> [Your goal] What's wanted is each entry repeated verbatim, minus its images.
Start of Data records
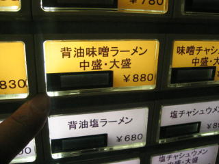 今日は「背油味噌ラーメン大盛」880円と味噌ラーメン730円です。
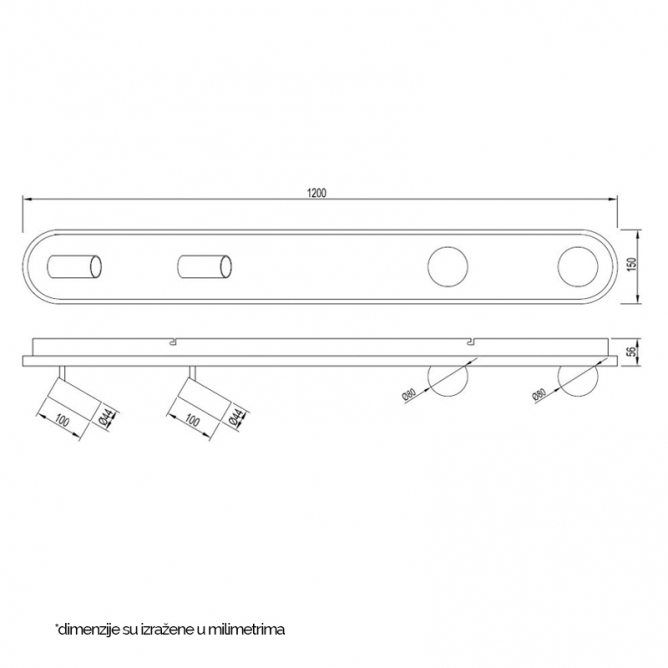 Dužina – 1200mm, Širina – 150mm + Visina – 60mm
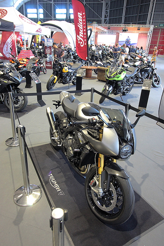 Le nom de famille Besnard est associé à deux grandes marques distribuées à La Réunion, Indian et Triumph, qui occupent des espaces de vente bien distincts mais dont les deux stands à Motor Expo 2025 sont adossés l’un à l’autre. La gamme Triumph comporte des trails routiers, des sportives, la mythique Rocket III (inclassable) et des néo-rétros, dont la somptueuse Bonneville.
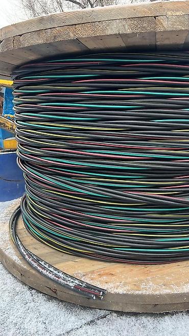 Маркировка на оболочке присутствует; кабели аккуратно намотаны на деревянные барабаны и стянуты лентами для транспортировки.
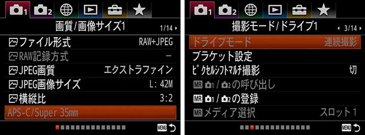 書き込み中は、メニューを表示できるものの、撮影画角(35mm/APS-C)やドライブモードなどの一部機能はグレー表示になり呼び出すことができない。Fnメニューやカスタムキーに登録しても同じだ
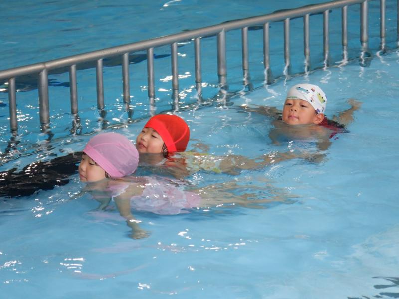 プールの中に入ると夏のプールの経験もあって水に抵抗なく楽しく活動することができました。
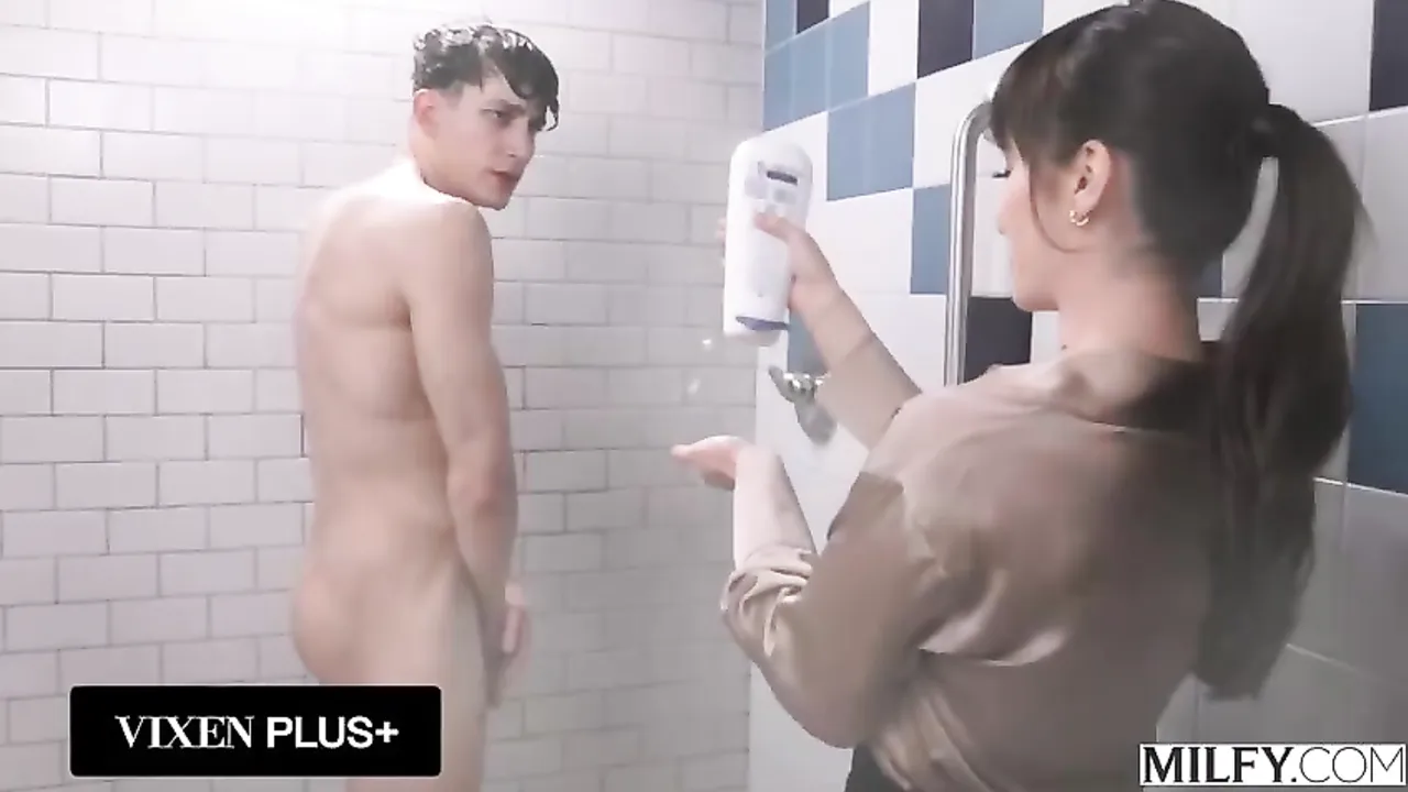 La madre de la novia de este chico aprovecha descaradamente que está a solas con el en casa para colarse en su ducha y comprobar de primera mano la buena polla que tiene. Menuda follada le espera al pobre muchacho jeje
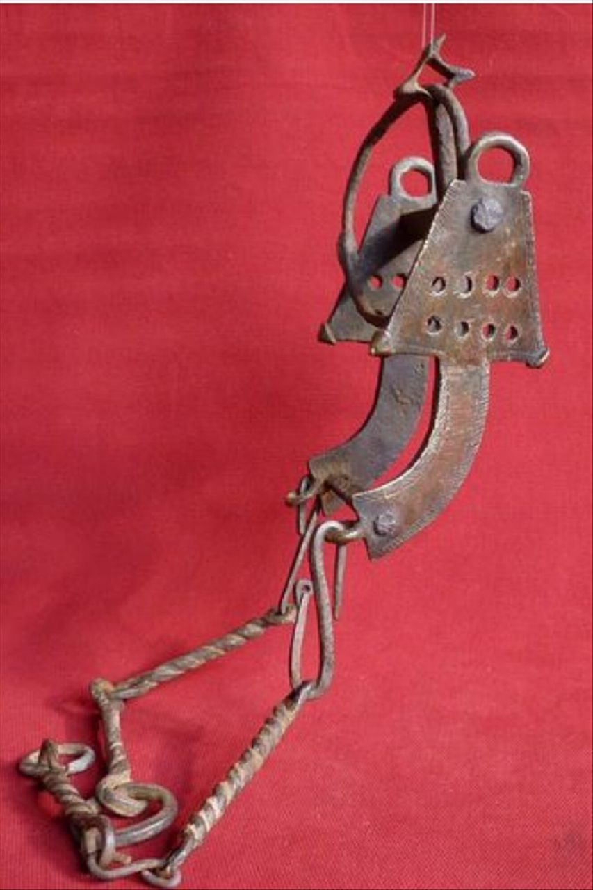 Déconnecté | Ancien Mors africain à anneau-gourmette du Niger, région d'Agadez 19e siècle rare objet de collection branches en bronze, embouchure, anneau et chaînes de rênes en fer forgé hauteur totale 21 cm, embouchure 8,5 cm, hauteur de la palette 6,5 cm poids 780 g. Lien |
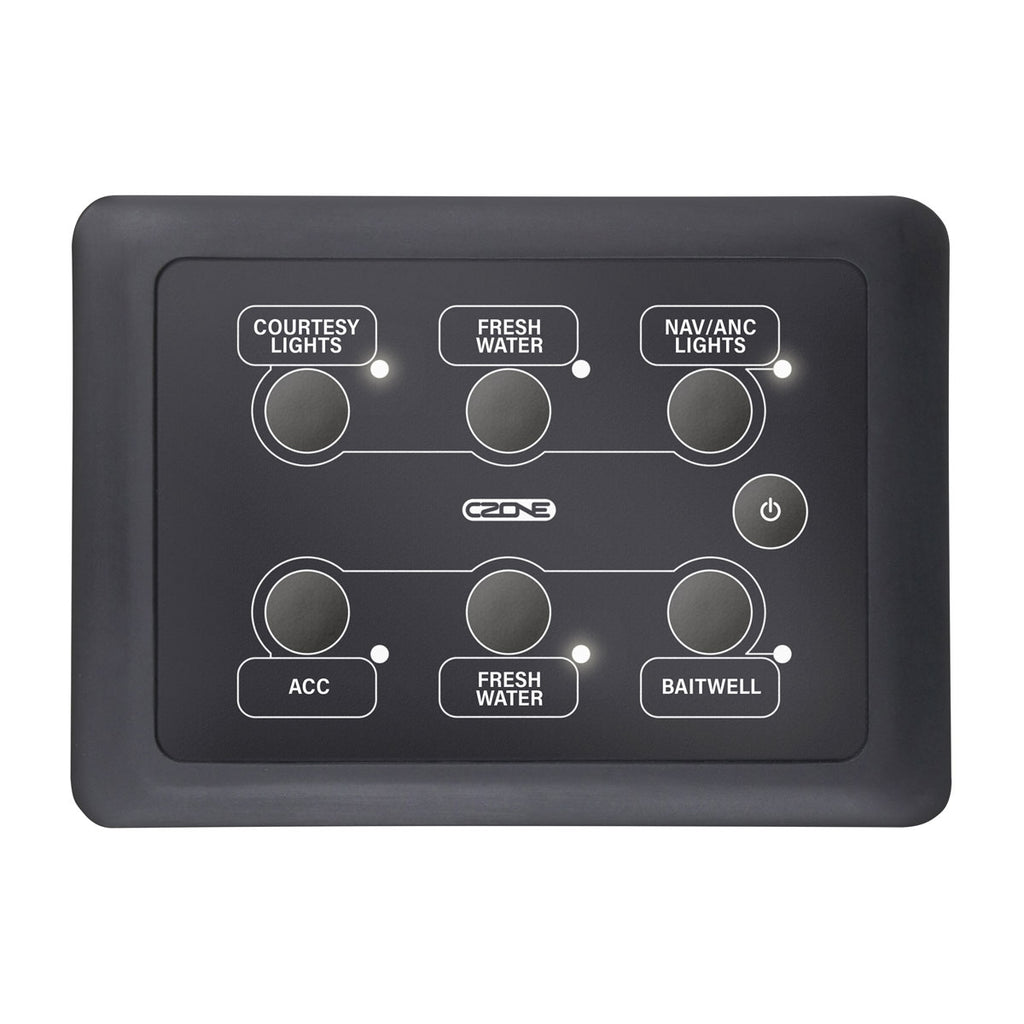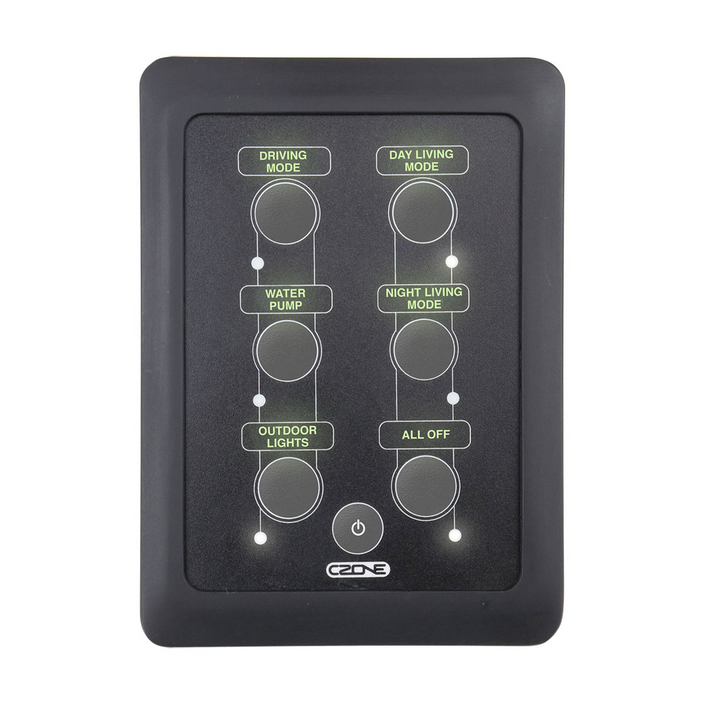 The CZone Waterproof Keypad range Features dimmable RGB circuit backlighting in a robust IPX7 waterproof enclosure and is available in portrait and landscape orientations. Simplify dashboard installations by removing wiring clutter with a single network cable. Front mount installation with a single 2 1/16†(52mm) hole saw, or rear mount to achieve a flat mount glass dash style look. Keypads ship with a standard label sheet for personalised circuit labelling.
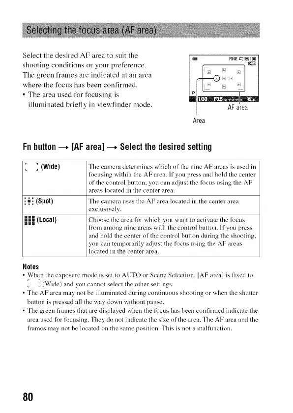 • When the expnsure mode is set to AUTO or Scene Selection, [AF area] is fixed to
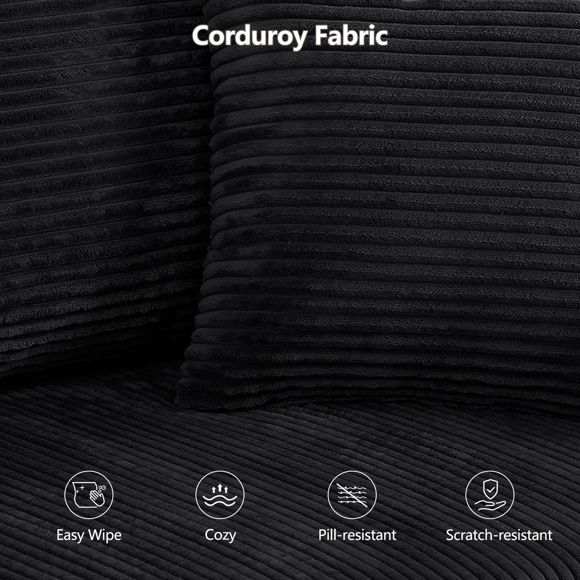 Modular L Shaped Sectional Sofa, Convertible Couch With Chaise Corduroy - Black
End of Data records
> [Response for this exercise]
 今日は「背油味噌ラーメン大盛」880円と味噌ラーメン730円です。
 Dužina – 1200mm, Širina – 150mm + Visina – 60mm
 Le nom de famille Besnard est associé à deux grandes marques distribuées à La Réunion, Indian et Triumph, qui occupent des espaces de vente bien distincts mais dont les deux stands à Motor Expo 2025 sont adossés l’un à l’autre. La gamme Triumph comporte des trails routiers, des sportives, la mythique Rocket III (inclassable) et des néo-rétros, dont la somptueuse Bonneville.
 Маркировка на оболочке присутствует; кабели аккуратно намотаны на деревянные барабаны и стянуты лентами для транспортировки.
 書き込み中は、メニューを表示できるものの、撮影画角(35mm/APS-C)やドライブモードなどの一部機能はグレー表示になり呼び出すことができない。Fnメニューやカスタムキーに登録しても同じだ
 プールの中に入ると夏のプールの経験もあって水に抵抗なく楽しく活動することができました。
 La madre de la novia de este chico aprovecha descaradamente que está a solas con el en casa para colarse en su ducha y comprobar de primera mano la buena polla que tiene. Menuda follada le espera al pobre muchacho jeje
 Déconnecté | Ancien Mors africain à anneau-gourmette du Niger, région d'Agadez 19e siècle rare objet de collection branches en bronze, embouchure, anneau et chaînes de rênes en fer forgé hauteur totale 21 cm, embouchure 8,5 cm, hauteur de la palette 6,5 cm poids 780 g. Lien |
 The CZone Waterproof Keypad range Features dimmable RGB circuit backlighting in a robust IPX7 waterproof enclosure and is available in portrait and landscape orientations. Simplify dashboard installations by removing wiring clutter with a single network cable. Front mount installation with a single 2 1/16†(52mm) hole saw, or rear mount to achieve a flat mount glass dash style look. Keypads ship with a standard label sheet for personalised circuit labelling.
 • When the expnsure mode is set to AUTO or Scene Selection, [AF area] is fixed to
 Modular L Shaped Sectional Sofa, Convertible Couch With Chaise Corduroy - Black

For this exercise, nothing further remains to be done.